● COLLECTED DATA:
_ _ _ _ _ _ _

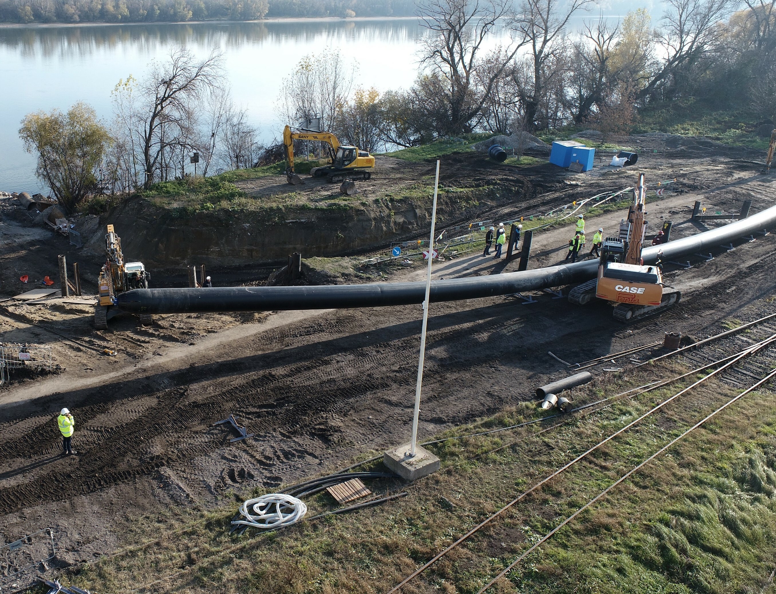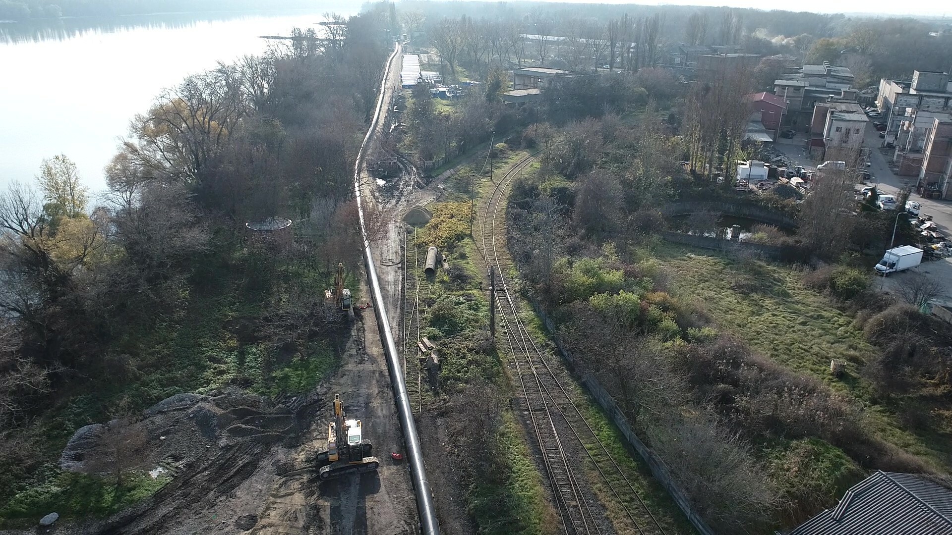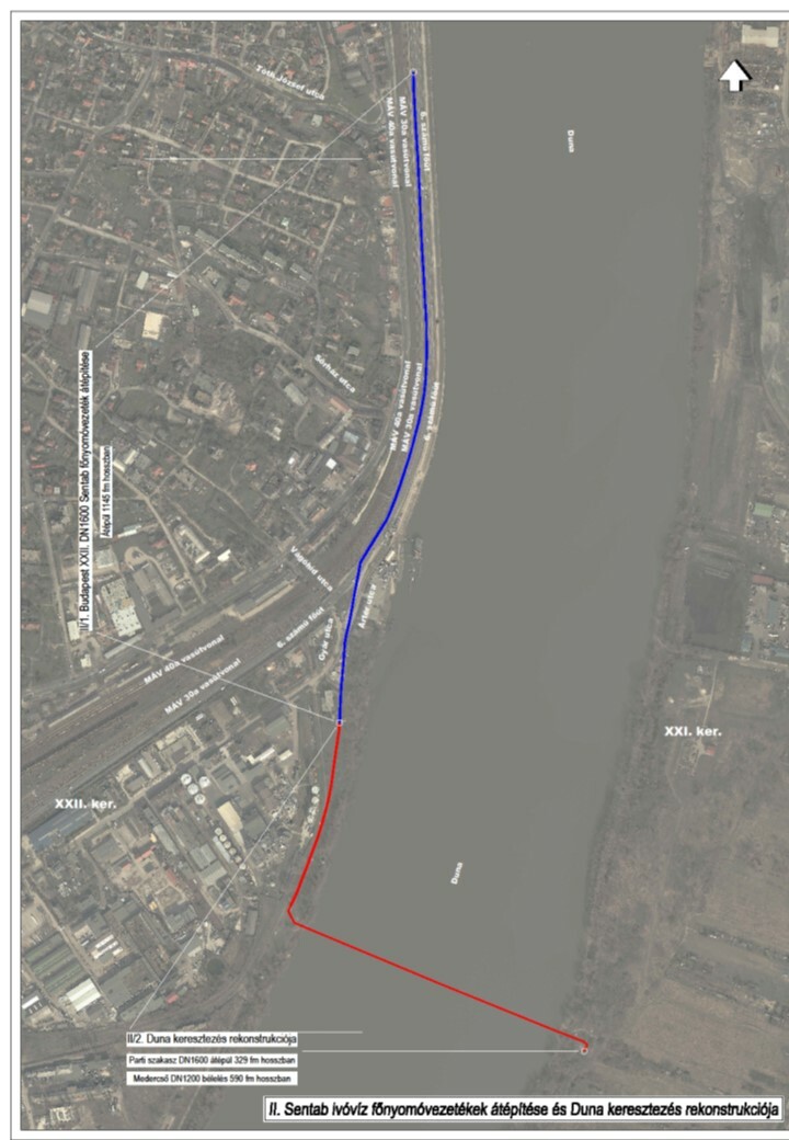A projekt részét képezte egy DN1100 PE cső Duna meder alatti behúzása is Budafokon, a Gyár utca közelében, a Duna-partról indítva. A feladat magyarországi és európai szinten mérve is jelentős kihívást jelentett: az 550 méter hosszú csővonatot 12 méteres elemek összehegesztésével hozták létre a helyszínen, ezt követően egyben húzták be a hatalmas csőszakaszt a Duna alatti medercsőbe a Csepel-szigeten található fogadóaknáig.
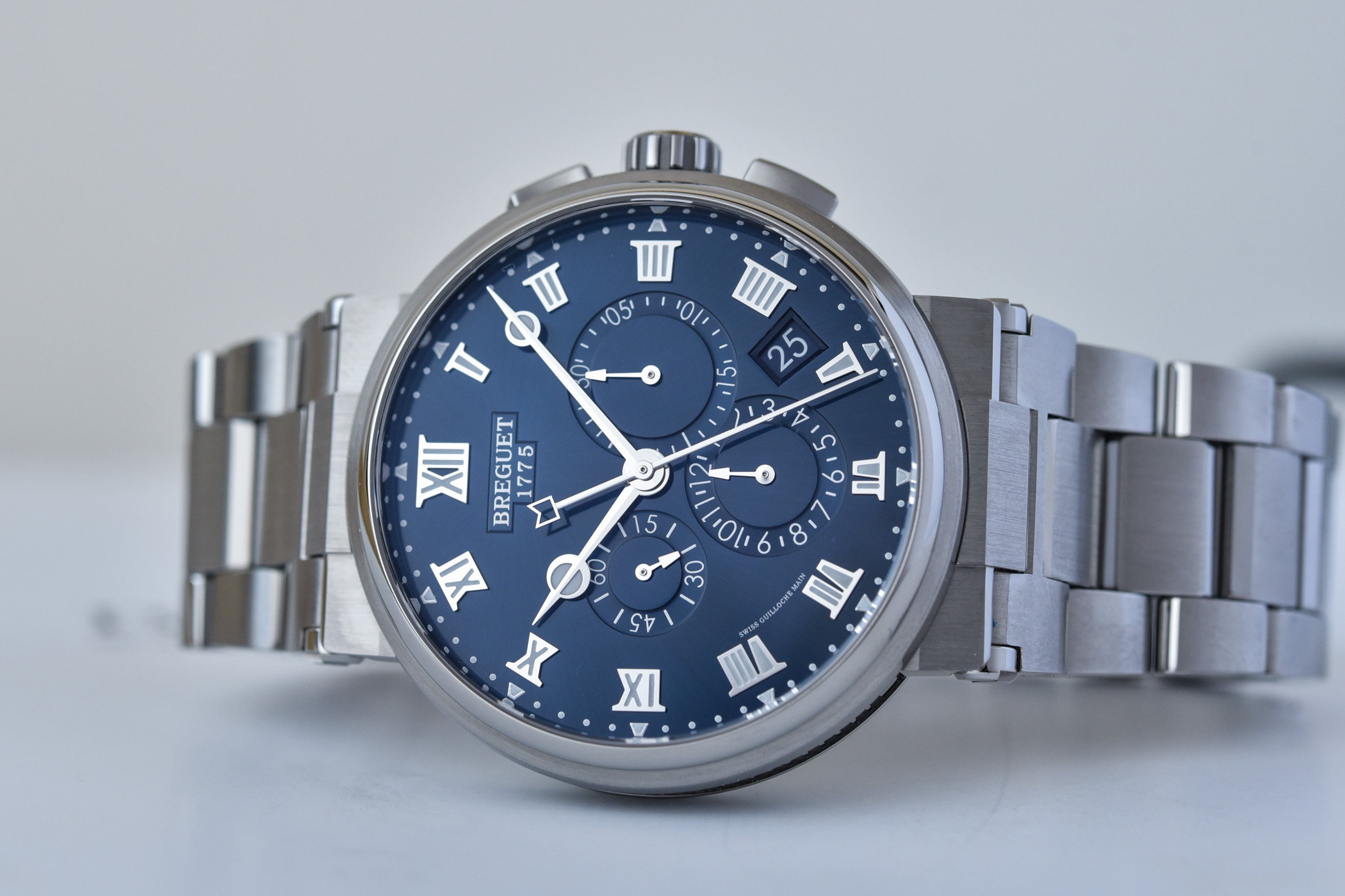 Widely known for his technical innovations, such as the tourbillon or the perpetual calendar (and many more), as well as being one of the most prolific watchmakers of its times, Abraham-Louis Breguet was also appointed official chronometer-maker to the French Royal Navy, the most prestigious title to which a horologist could aspire. Moreover, his high-precision marine chronometers, which allowed ships to calculate their position at sea, were of vital importance to France’s fleets. This nautical background led the brand to the creation in 1990 of the modern Marine Collection. Revisited in 2005 with a sportier vibe, the brand introduced a whole new Breguet Marine collection in 2017/2018 with first the hyper-complicated Marine Équation Marchante 5887, followed by the Marine 5517, 5527, and 5547, respectively time-and-date, chronograph and alarm watches.
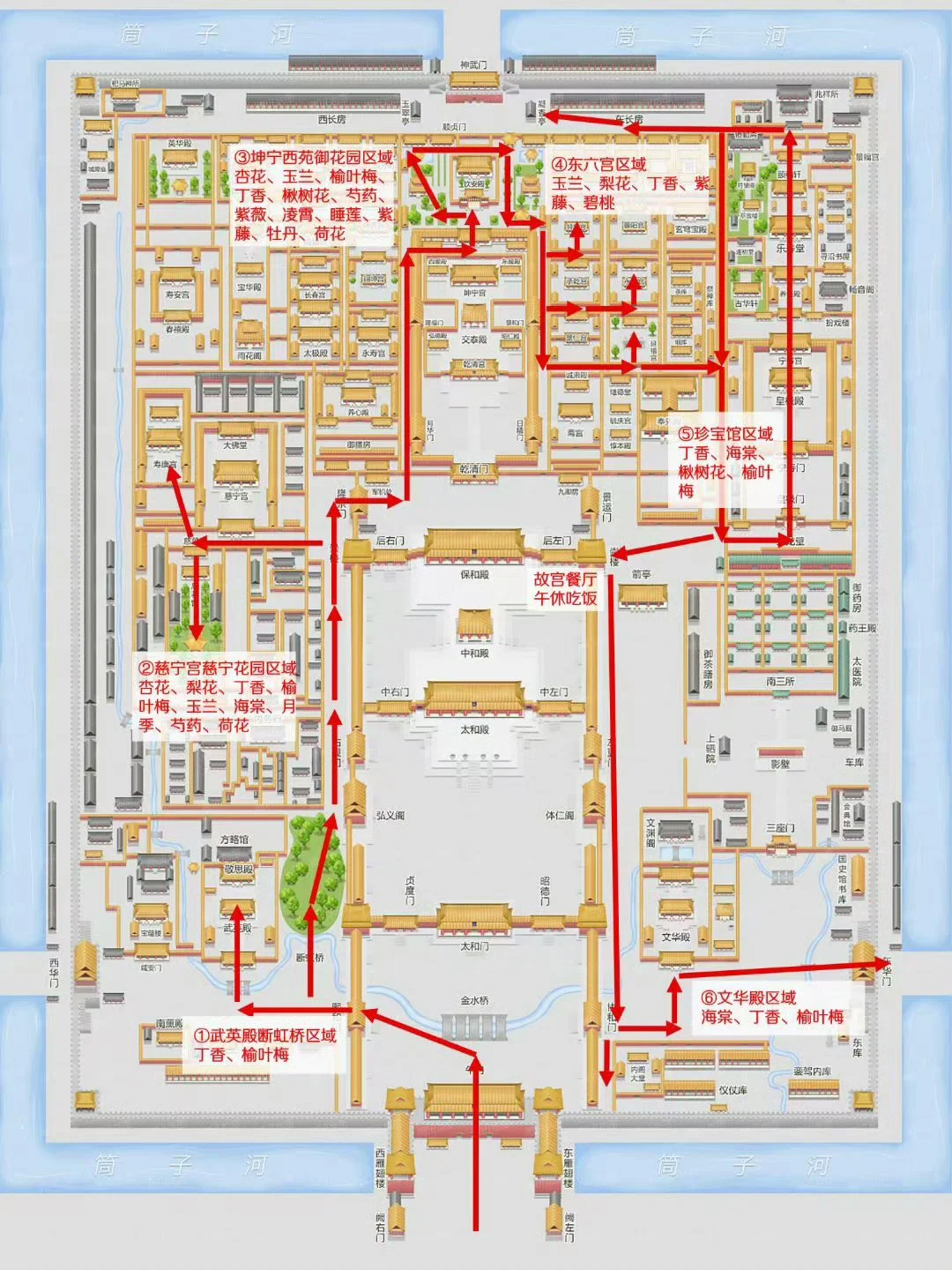 大家好,我是默存 , 一个致力于给世界带来美好的摄影爱好者。 今天给大家带来的是故宫春季赏花攻略。 我之前把故宫的花按照季节和宫殿具体位置来分,现在想可能过于繁复,为了故宫新手友好的入门,我这次只把故宫的花花分为6大赏花区域,只要你3-6月去这6个地方,就能看到不一样的花。🌸 1️⃣武英殿断虹桥区域 2月-3月腊梅(右翼门外) 4月初丁香、榆叶梅 6月石榴 2️⃣慈宁宫慈宁花园区域 3月下旬杏花 4月初梨花、丁香、榆叶梅 4月上中旬海棠 5月月季、芍药 6月荷花、凌霄、睡莲 3️⃣坤宁西苑御花园区域 3月下旬杏花 3月底玉兰 4月初梨花、丁香、榆叶梅 4月底5月初紫藤 5月楸树花、芍药、月季 6月荷花、睡莲 7月下旬-8月初紫薇 4️⃣东六宫区域 3月底玉兰、杏花 4月初丁香、梨花 4月中旬碧桃(东厂房) 4月底5月初紫藤 5️⃣珍宝馆区域 4月初丁香、榆叶梅、海棠 5月楸树花 6️⃣文华殿区域 4月初丁香、榆叶梅 4月上中旬海棠

_ _ _ _ _ _ _

● WHAT IS REQUIRED:
The material above is to be transcribed exactly, with all pictures omitted.

● RESULT BELOW:
A projekt részét képezte egy DN1100 PE cső Duna meder alatti behúzása is Budafokon, a Gyár utca közelében, a Duna-partról indítva. A feladat magyarországi és európai szinten mérve is jelentős kihívást jelentett: az 550 méter hosszú csővonatot 12 méteres elemek összehegesztésével hozták létre a helyszínen, ezt követően egyben húzták be a hatalmas csőszakaszt a Duna alatti medercsőbe a Csepel-szigeten található fogadóaknáig.
 Widely known for his technical innovations, such as the tourbillon or the perpetual calendar (and many more), as well as being one of the most prolific watchmakers of its times, Abraham-Louis Breguet was also appointed official chronometer-maker to the French Royal Navy, the most prestigious title to which a horologist could aspire. Moreover, his high-precision marine chronometers, which allowed ships to calculate their position at sea, were of vital importance to France’s fleets. This nautical background led the brand to the creation in 1990 of the modern Marine Collection. Revisited in 2005 with a sportier vibe, the brand introduced a whole new Breguet Marine collection in 2017/2018 with first the hyper-complicated Marine Équation Marchante 5887, followed by the Marine 5517, 5527, and 5547, respectively time-and-date, chronograph and alarm watches.
 大家好,我是默存 , 一个致力于给世界带来美好的摄影爱好者。 今天给大家带来的是故宫春季赏花攻略。 我之前把故宫的花按照季节和宫殿具体位置来分,现在想可能过于繁复,为了故宫新手友好的入门,我这次只把故宫的花花分为6大赏花区域,只要你3-6月去这6个地方,就能看到不一样的花。🌸 1️⃣武英殿断虹桥区域 2月-3月腊梅(右翼门外) 4月初丁香、榆叶梅 6月石榴 2️⃣慈宁宫慈宁花园区域 3月下旬杏花 4月初梨花、丁香、榆叶梅 4月上中旬海棠 5月月季、芍药 6月荷花、凌霄、睡莲 3️⃣坤宁西苑御花园区域 3月下旬杏花 3月底玉兰 4月初梨花、丁香、榆叶梅 4月底5月初紫藤 5月楸树花、芍药、月季 6月荷花、睡莲 7月下旬-8月初紫薇 4️⃣东六宫区域 3月底玉兰、杏花 4月初丁香、梨花 4月中旬碧桃(东厂房) 4月底5月初紫藤 5️⃣珍宝馆区域 4月初丁香、榆叶梅、海棠 5月楸树花 6️⃣文华殿区域 4月初丁香、榆叶梅 4月上中旬海棠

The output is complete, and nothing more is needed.